La realidad económica, social y política en Bolivia es insostenible. Cada día que pasa sin reformas estructurales agudiza el sufrimiento de millones de bolivianos. La pobreza se expande, los empleos se pierden y la producción nacional está en declive. Insistir en que Arce termine su mandato equivale a someter al país a una agonía prolongada, simplemente para obtener una victoria supuestamente más contundente en las urnas. ¿Vale la pena este costo? ¿Es ético permitir que el desastre continúe solo para hacer escarmentar al otro desastre que se hace llamar presidente? La respuesta debería ser un rotundo no.
La democracia, como sistema político, no es excusa para sostener gobiernos deplorables. Argumentar que un juicio político, una renuncia o un adelanto de elecciones atentan contra la democracia —aunque bienintencionado— es confundir estabilidad política con estabilidad democrática. De hecho, la ciencia política ha documentado el fenómeno conocido como la «parlamentarización de los presidencialismos», concepto que describe cómo sistemas presidenciales han adoptado prácticas propias de los sistemas parlamentarios, como los despidos prematuros de jefes del ejecutivo y los adelantos de elecciones, para destituir presidentes impopulares sin erosionar la democracia. En el caso boliviano, el acortamiento del mandato presidencial de Arce sería incluso un paso esencial para la reparación de la institucionalidad democrática.
«¿Es ético permitir que el desastre continúe solo para hacer escarmentar al otro desastre que se hace llamar presidente?»
La moción de confianza convocada por el canciller alemán, Olaf Scholz, es un ejemplo reciente de cómo los sistemas parlamentarios manejan situaciones de crisis política sin comprometer su institucionalidad. En los sistemas presidenciales, estas herramientas han emergido como mecanismos democráticos para balancear la urgencia de cambio con la preservación del sistema. Es, en esencia, un reconocimiento de que la democracia no se limita a elecciones periódicas, sino que abarca el respeto al Estado de derecho, la igualdad ante la ley, la garantía de las libertades individuales y la promoción del bienestar de la población.

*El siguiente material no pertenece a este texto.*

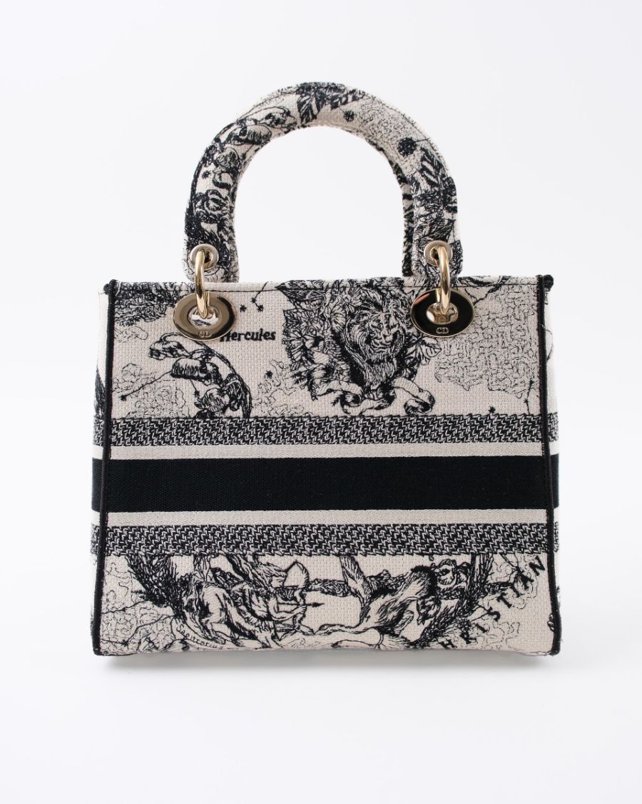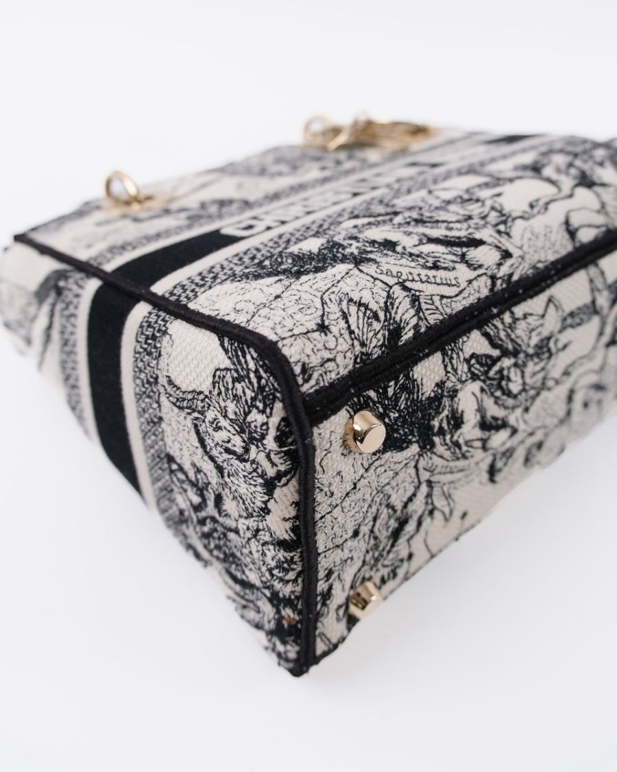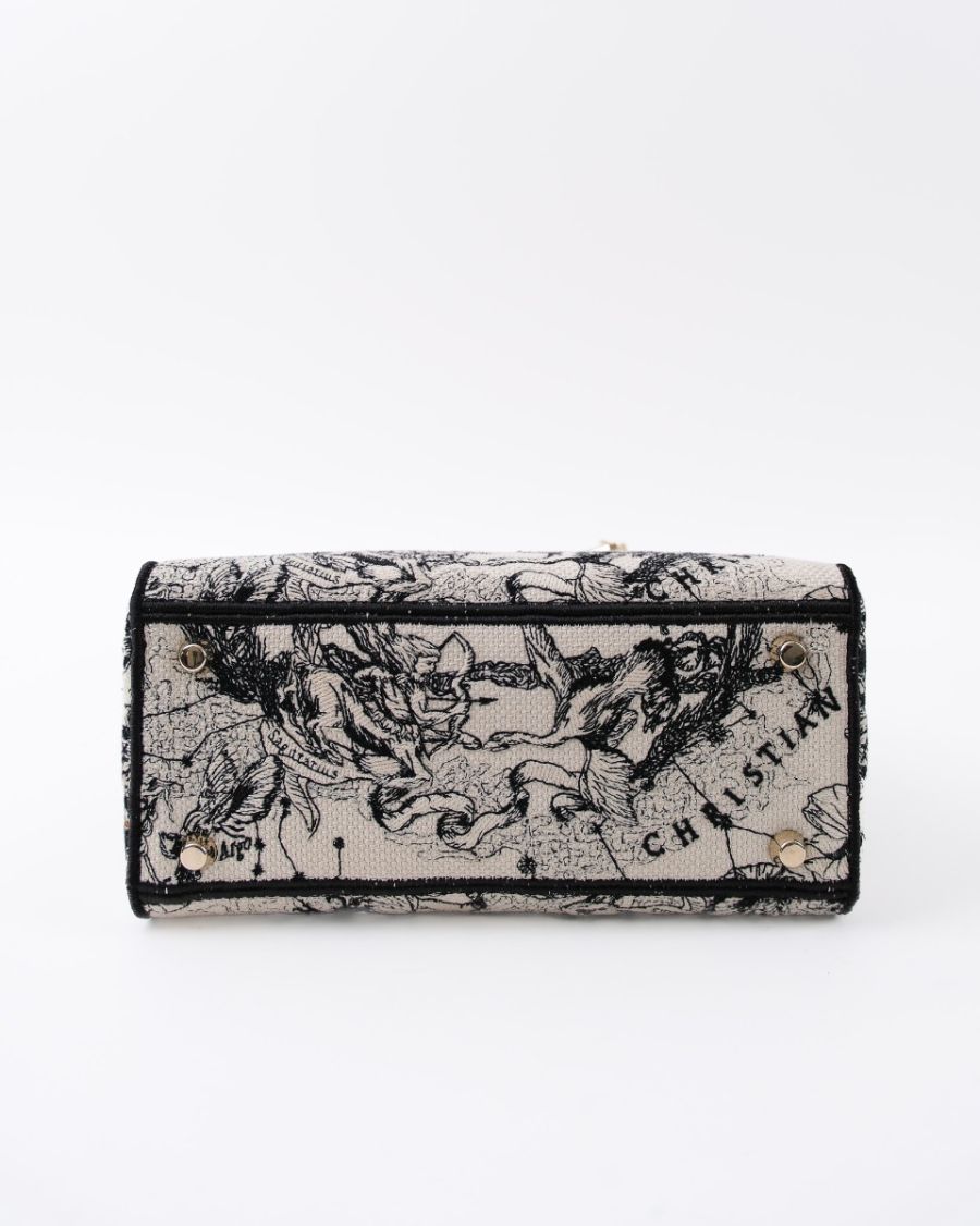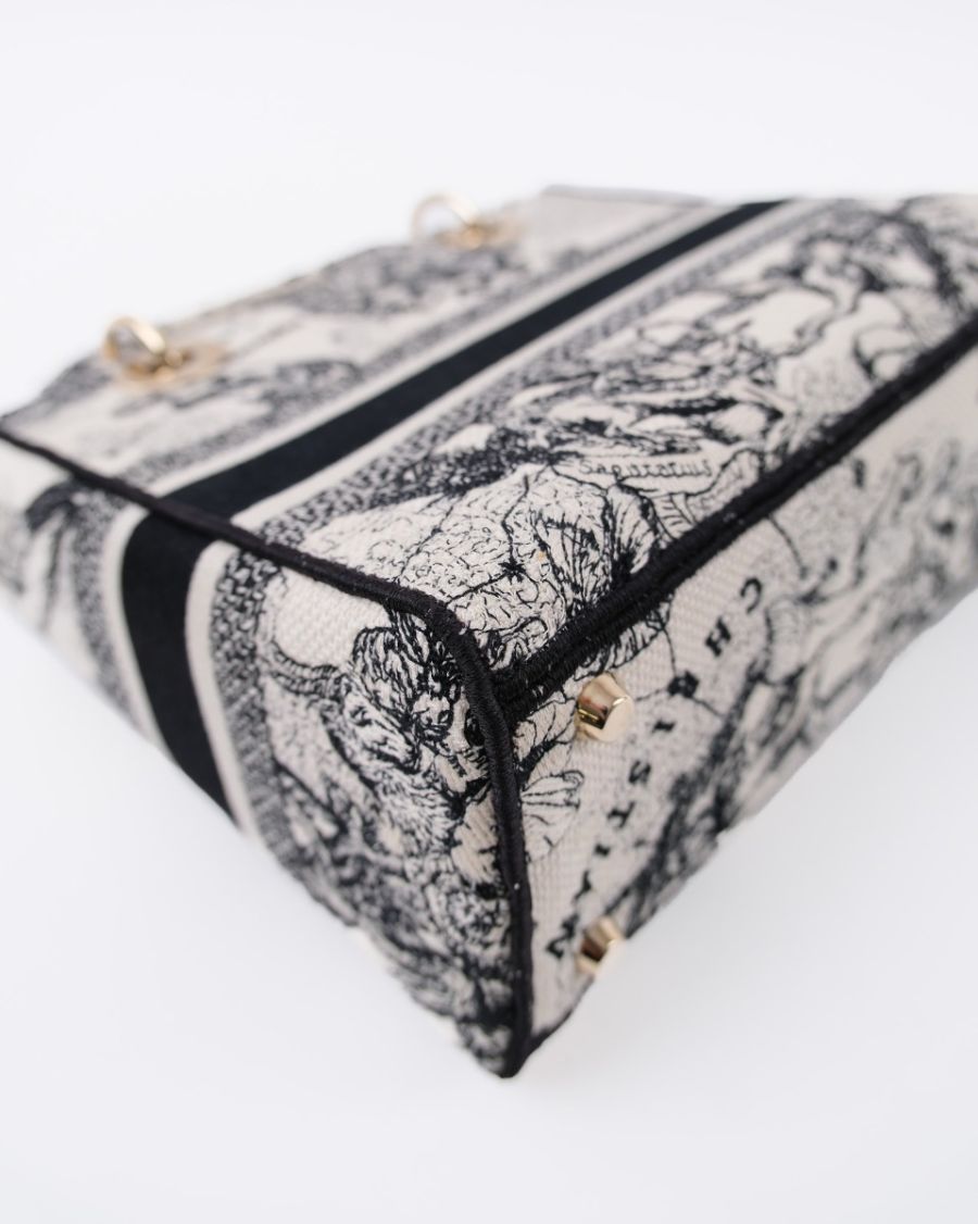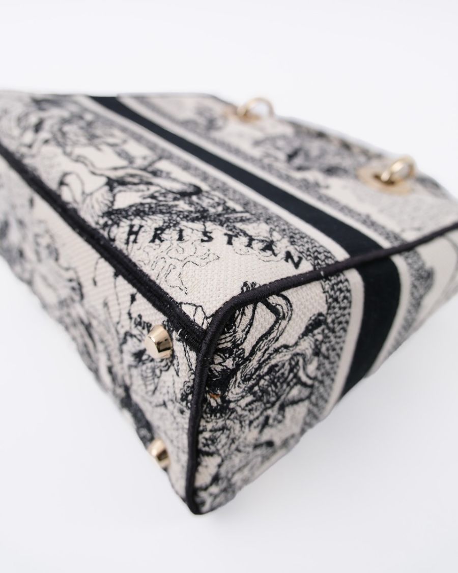Ce sac iconique Christian Dior séduit par sa toile brodée noire et blanche ornée du motif Toile de Jouy, signature emblématique de la Maison. Son format structuré, ses anses élégantes et sa bandoulière ajustable en font un modèle aussi chic que pratique. Une pièce couture au caractère affirmé, idéale pour sublimer un look avec élégance et modernité.
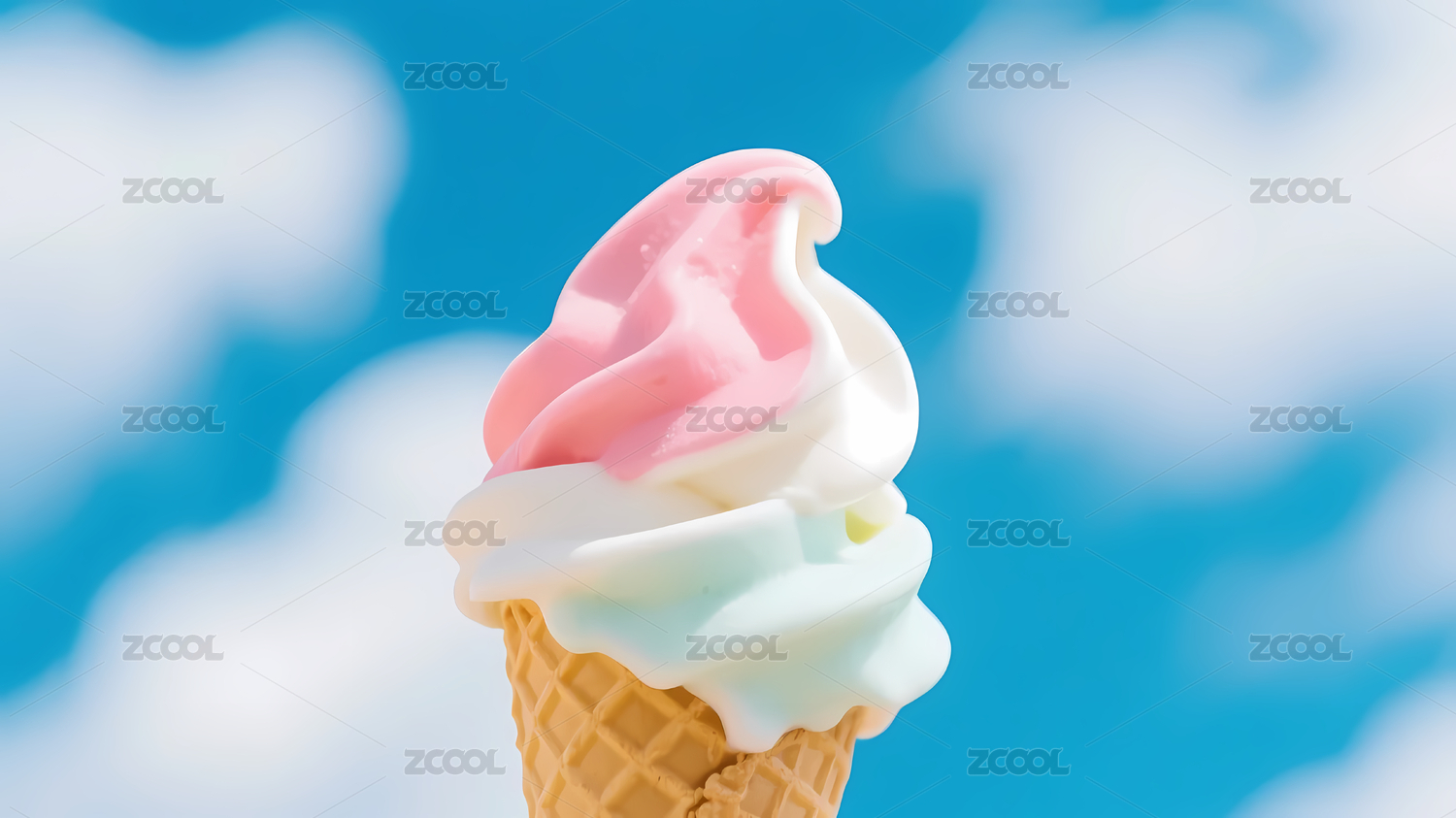 三色渐变蓝天冰淇淋

En Bolivia, bajo el gobierno de Luis Arce, estos principios democráticos han sufrido un retroceso alarmante. Lejos de fortalecer la institucionalidad democrática, su administración ha profundizado el deterioro iniciado por Evo Morales. Los índices internacionales sitúan a Bolivia en categorías como «autoritarismo competitivo», «autocracia electoral» o «sistema híbrido», eufemismos que indican una profunda erosión de la democracia, aunque aún no pueda hablarse de un régimen totalitario. No es que a Arce le falte voluntad, sino que el Estado boliviano carece de estatalidad, es decir, la capacidad más básica de ejercer el monopolio de la fuerza para hacer cumplir la ley. Esta crisis de institucionalidad es, en última instancia, la raíz del declive democrático que vive Bolivia y que intensifica nuestros problemas socioeconómicos.
Es hora de plantearnos seriamente si mantener a Arce en el poder es compatible con los principios democráticos y el bienestar de la población. El país necesita una salida que, aunque políticamente compleja, sea moralmente más aceptable que el catastrófico statu quo y que vaya más allá de cálculos políticos.